The fact that Sri Lanka has been left out of the summit ought to be worrying for it. Fire-breathing nationalist opinion in Sri Lanka is likely to be of the view that this counts for nothing and that the US is in no position to sit in judgement over other countries on issues relating to democratic development. These nationalists are also likely to vociferate that Sri Lanka could depend on its ‘all-weather friends’ in Asia for support in a number of areas and that Western support is not of much consequence for its sustenance.

But such positions fly in the face of hard political and economic realities. To begin with, no major power in Asia would come to Sri Lanka’s rescue at the cost of its own political and economic links with the West. These powers’ economic wellbeing is integral to their having cordial ties with the US, for instance. China cannot afford to neglect its trade and investment ties with the US and vice versa. China would not risk too much for Sri Lanka’s sake.

Besides, there is the case of Uganda to consider. It has scarred itself badly by mortgaging some of its real estate to outside powers. Today, the latter are reportedly staking a claim to what they seem to have lost by forcibly occupying the territories concerned in Uganda. Small countries, such as Sri Lanka, have no choice but to relate cordially with all the major powers.

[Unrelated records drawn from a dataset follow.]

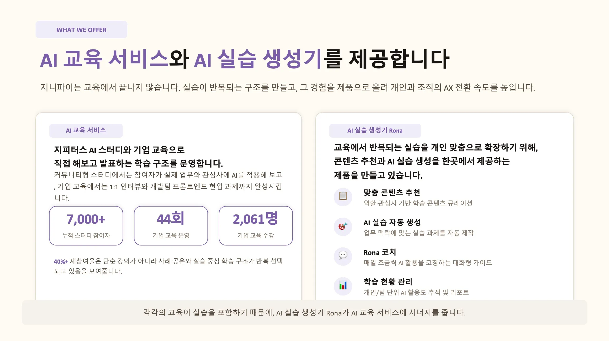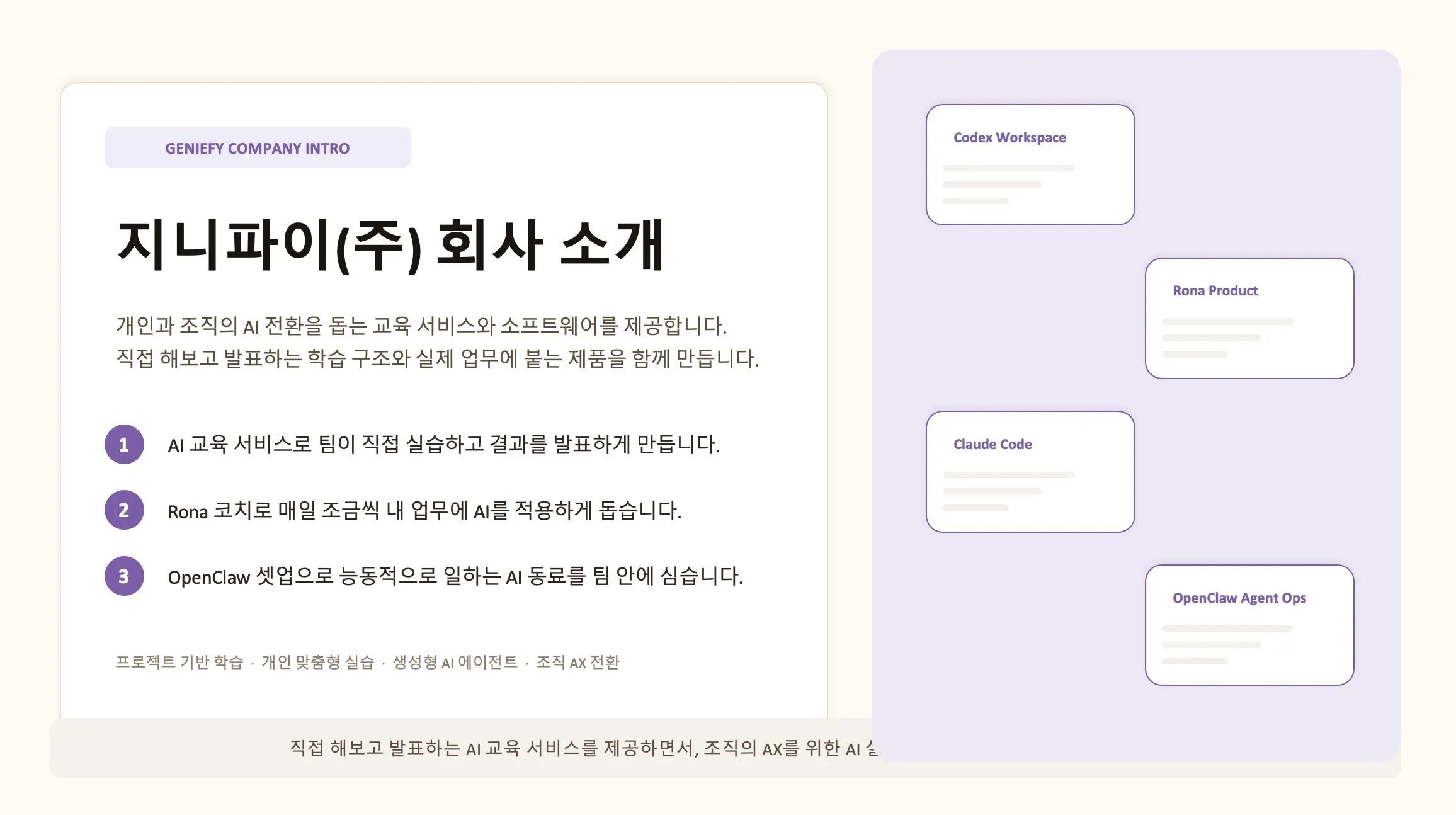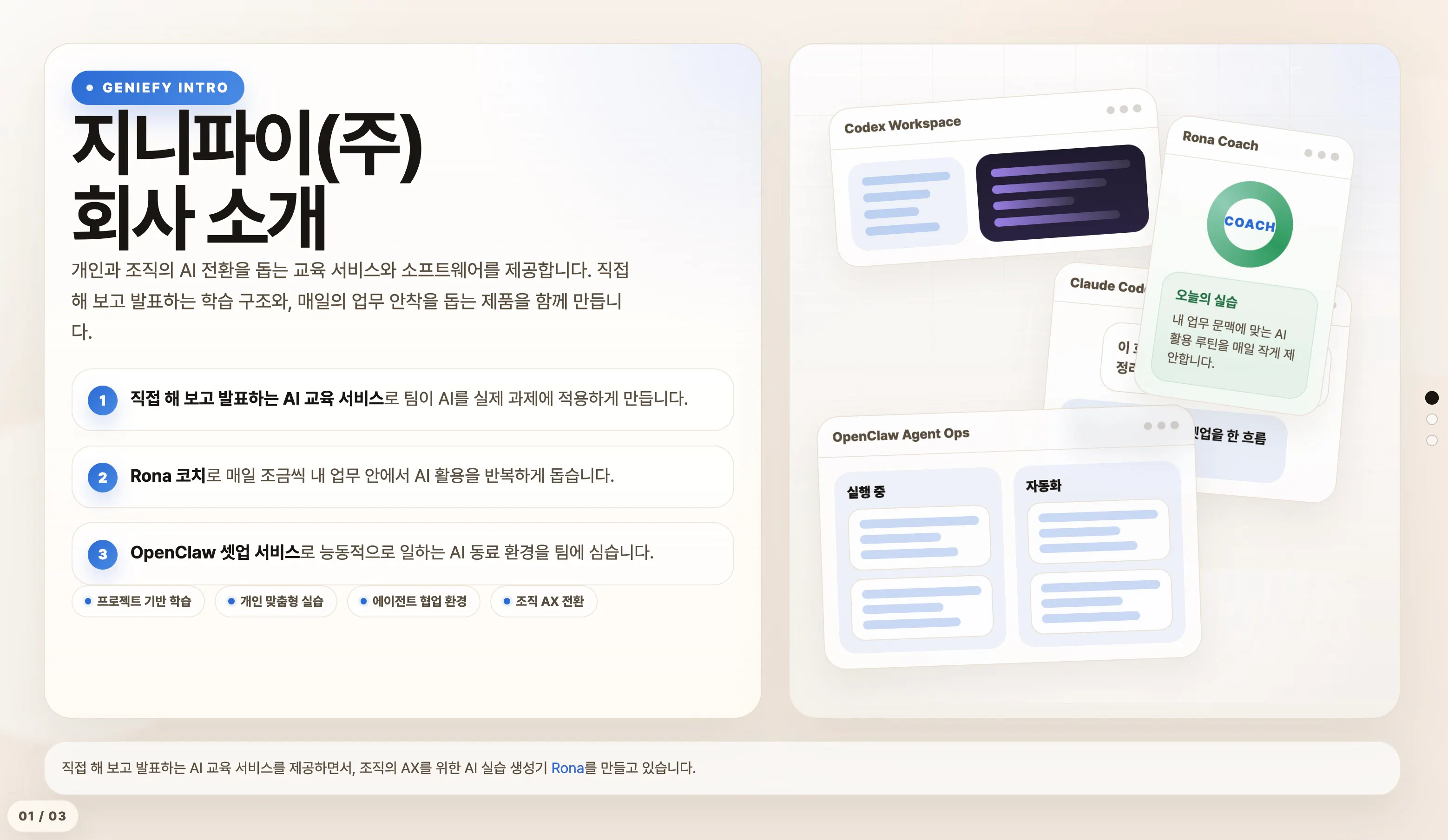 B2B 교육 제안이나 정부과제 제안을 할 때마다 비슷하지만 내용이 조금씩 다른 슬라이드를 만들어야 했다. 회사 소개, 문제 정의, 제공 서비스 구성은 매번 비슷한데, 제안 대상에 따라 강조점이 달라지니 매번 수동으로 수정하고 있었다.
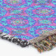 En pulserande mönster av cirkulära motiv placeras i ett symmetriskt rutnät mot blå bakgrund. Varje motiv består av komplicerade, färgstarka detaljer som bildar en kaleidoskopisk effekt med harmonisk upprepning.
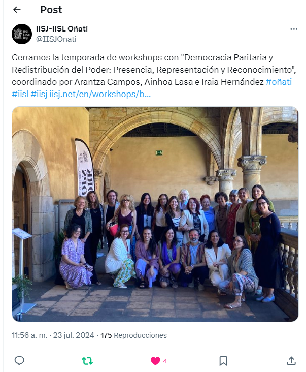 (249) Ponencia en la Bilkura «Democracia paritaria, y redistribución del poder: presencia, representación y reconocimiento», en el Instituto Internacional de Sociología Jurídica de Oñati (País Vaco), 22-24 de julio de 2024.. Título de la ponencia: Academic housework: narratives of the self as a methodology for dealing with experiences of «no power» and «no place» in academia. Programa: https://www.juristconcep.com/wp-content/uploads/2024/07/PROGRAMA-FINAL-ONATI-JULIO-2024.pdf. Abstracts de las ponencias: https://www.juristconcep.com/wp-content/uploads/2024/07/ABSTRACTS-PONENCIAS-ONATI-2024.pdf. Más información aquí: https://www.iisj.net/es/workshops/bilkura-democracia-paritaria-y-redistribuci%C3%B3n-del-poder-presencia-representaci%C3%B3n-y-0. Información adicional: https://www.juristconcep.com/wp-content/uploads/2024/07/Workshops-Democracia-Paritaria-y-Redistribucion-del-Poder-Onati-julio-2024.png
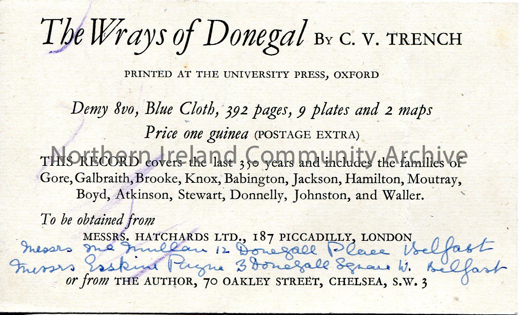 Printed information on reverse of a blank postcard re the publication of a book 'The Wrays of Donegal' by Charlotte Violet Trench in 1945. The book is available in London and Belfast or from the author herself. Handwritten names and address of locations in Belfast.
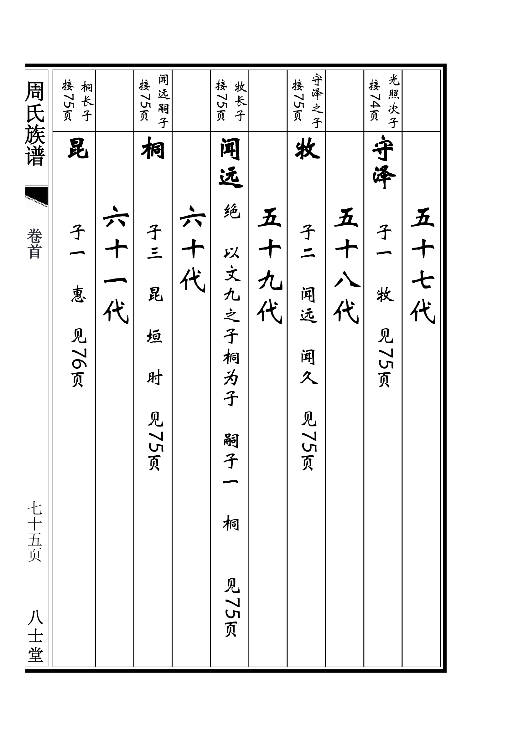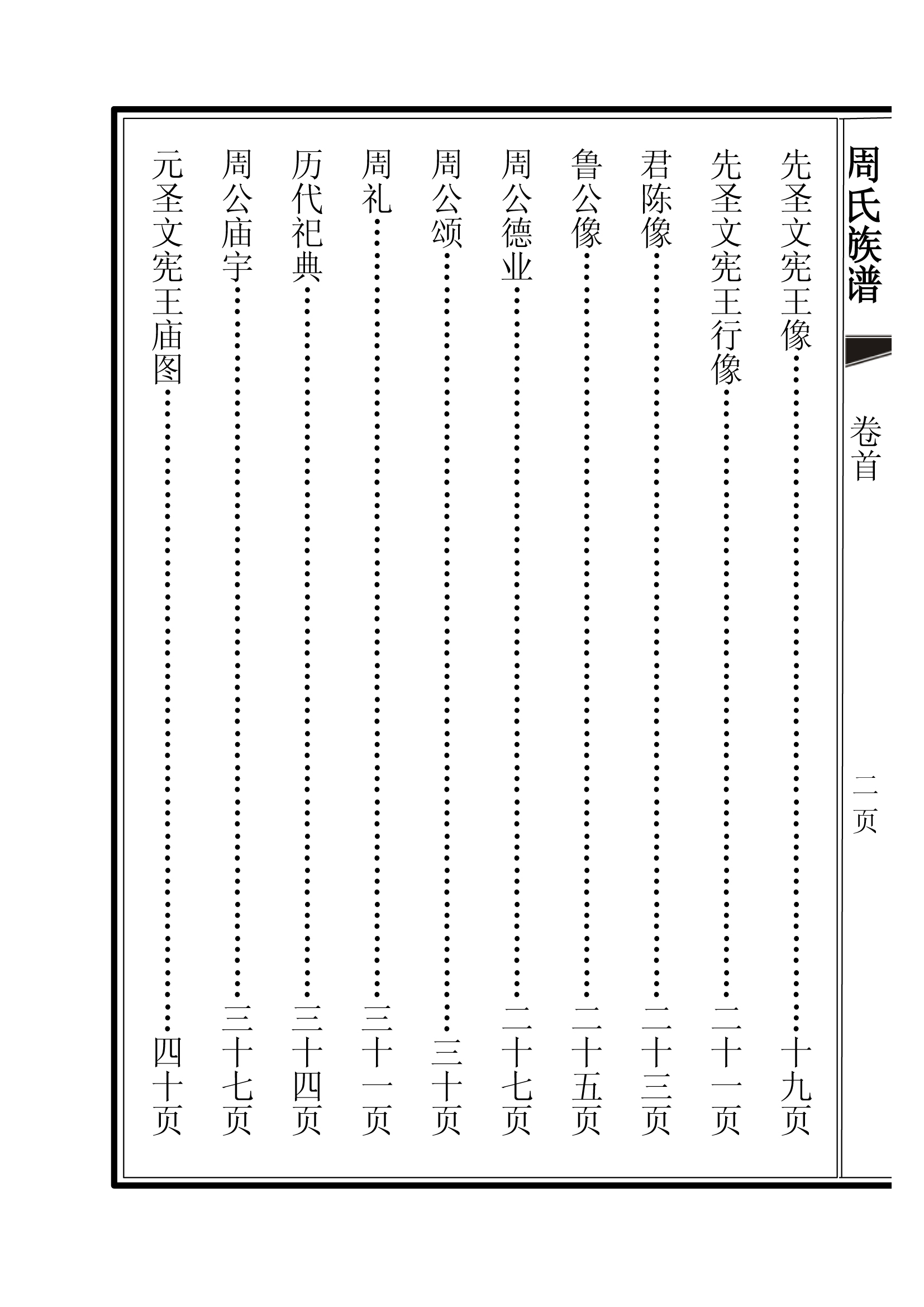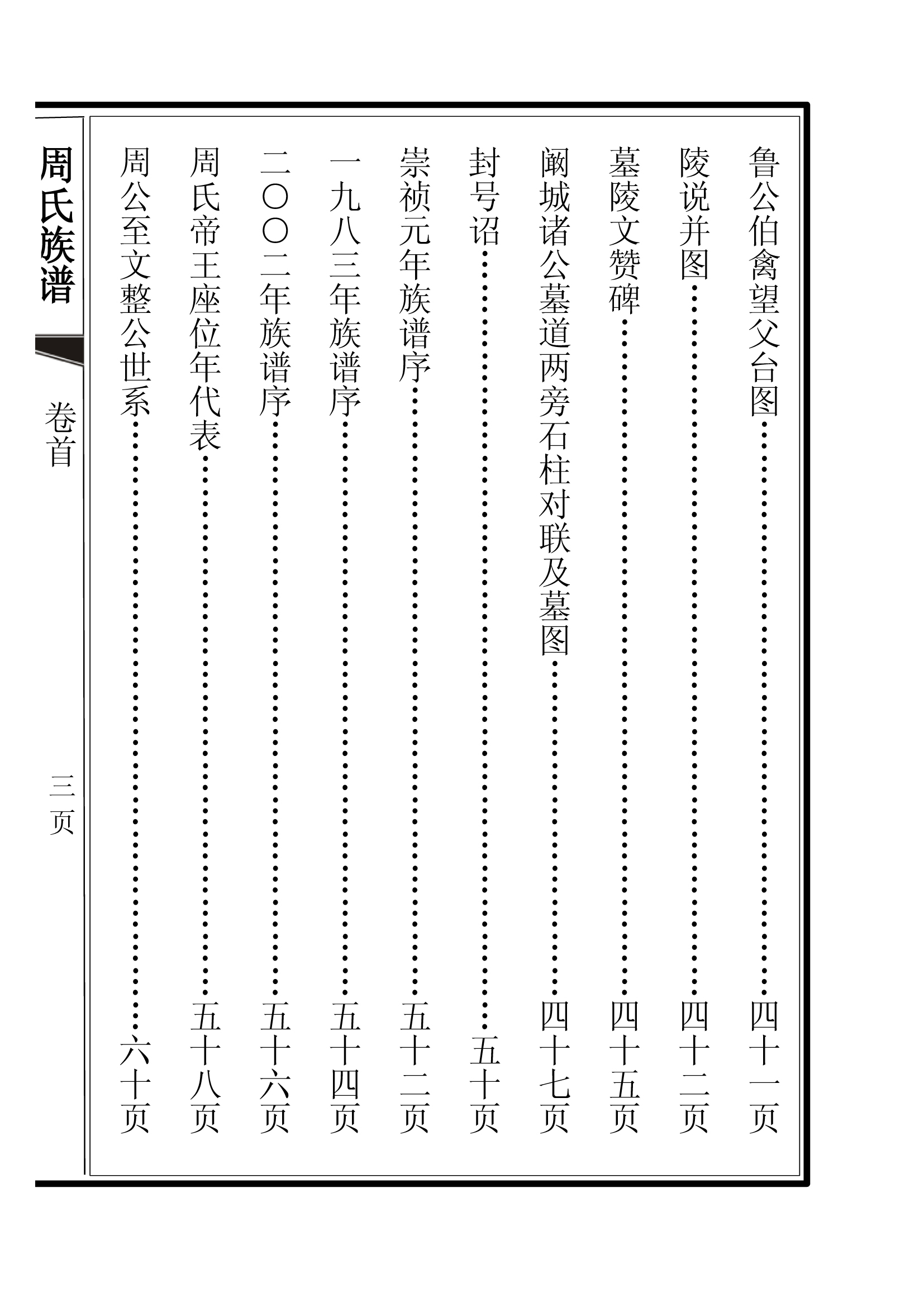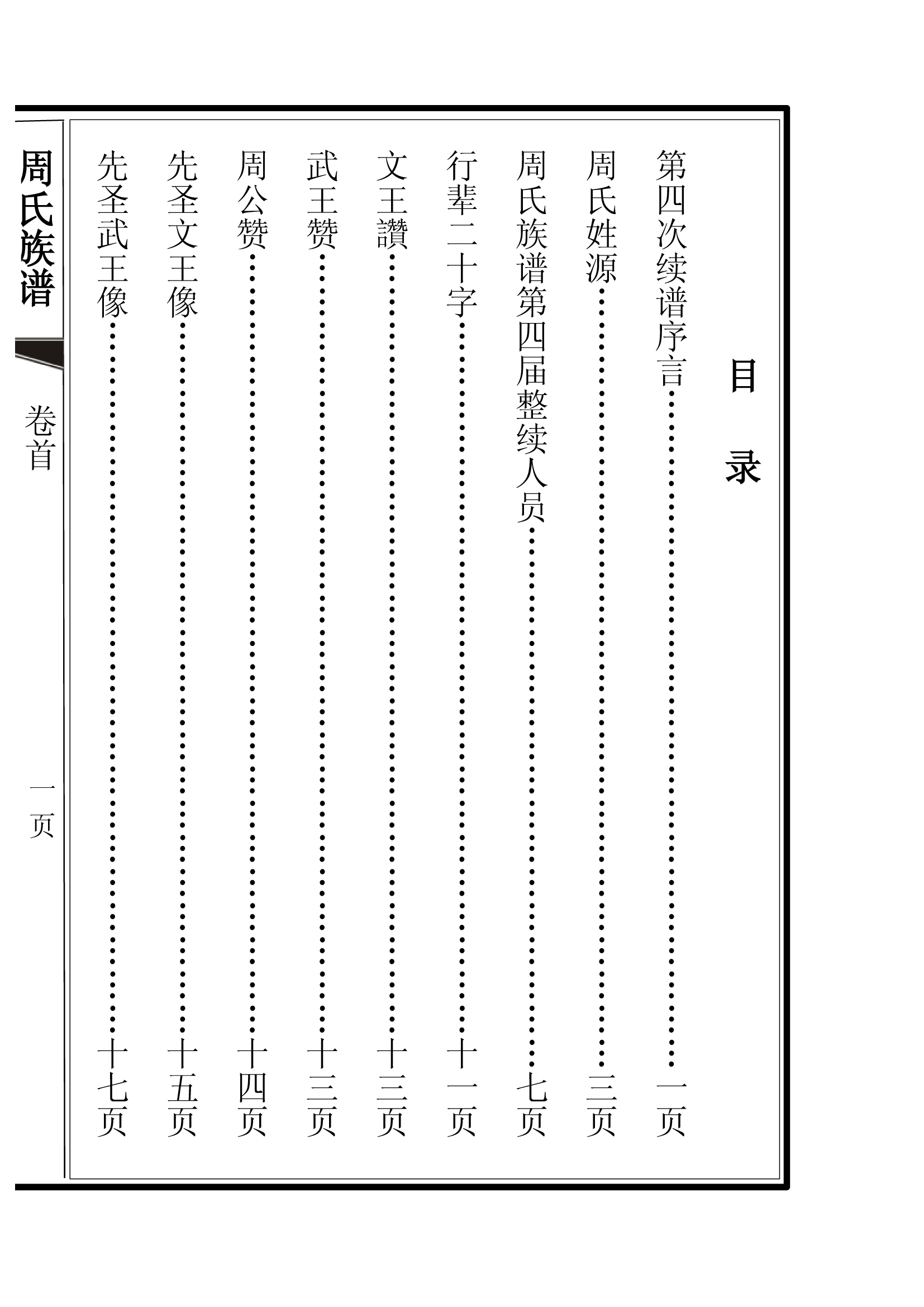 族众分布于牡丹区周集村、曹县楼庄祥符寨、兰考周庄等村庄。卷首自成一卷,内容有序言、姓源、排行字、历代祖像赞、历代祀典、庙图墓图、周公世系等。一至六卷为周氏世系,分支分村记录世系,世系采用吊线图格式,每图10代,只记录生子与配偶信息,每图第一代与最末代有上下链接页码。体现北方入谱内容简单,世系清楚易查的特点。字体用宋体,简明而古朴。...
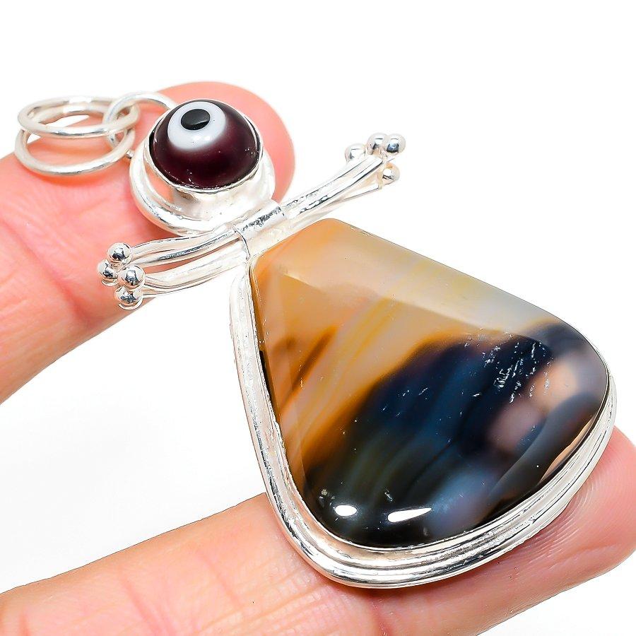 Ботсванский агат, Подвеска-амулет от сглаза из серебра 925 пробы 2,64"

Of the subjects that are expected to come up for discussion at the summit, ‘Advancing respect for human rights’, ought to be of prime importance. This is at the heart of democratic development and it ought to be clear that countries that do not respect fundamental human rights could not be part of any discussion on democracy. Accordingly, authoritarian states cannot sit at conference tables of this kind. It ought to be equally plain that ‘one man rule’ or one-party rule could not figure in these talks since such dispensations are antithetical to basic human rights.

Currently, even in the West, the suitability of the US to head the summit in focus is being vigorously questioned and there are acceptable grounds for this. While it could be argued that the US is a flawed democracy, it needs to be remembered that the foremost democracies are growing, evolving and dynamic systems and are not static and stagnant in nature in those cultural environments that favour their adoption. Accordingly, democracy cannot be rigorously defined. Essentially, it could be defined only in terms of what it is not. For example, political systems that do not nurture individual rights cannot pass muster as democracies.

Thus, the summit offers opportunities for a fruitful discussion on what must be done to keep democracy ticking. Ideally, major democracies in Asia too need to conduct such parleys on ways of benchmarking democratic advancement. India, for one, could take on this responsibility, being one of the most advanced democracies in our region.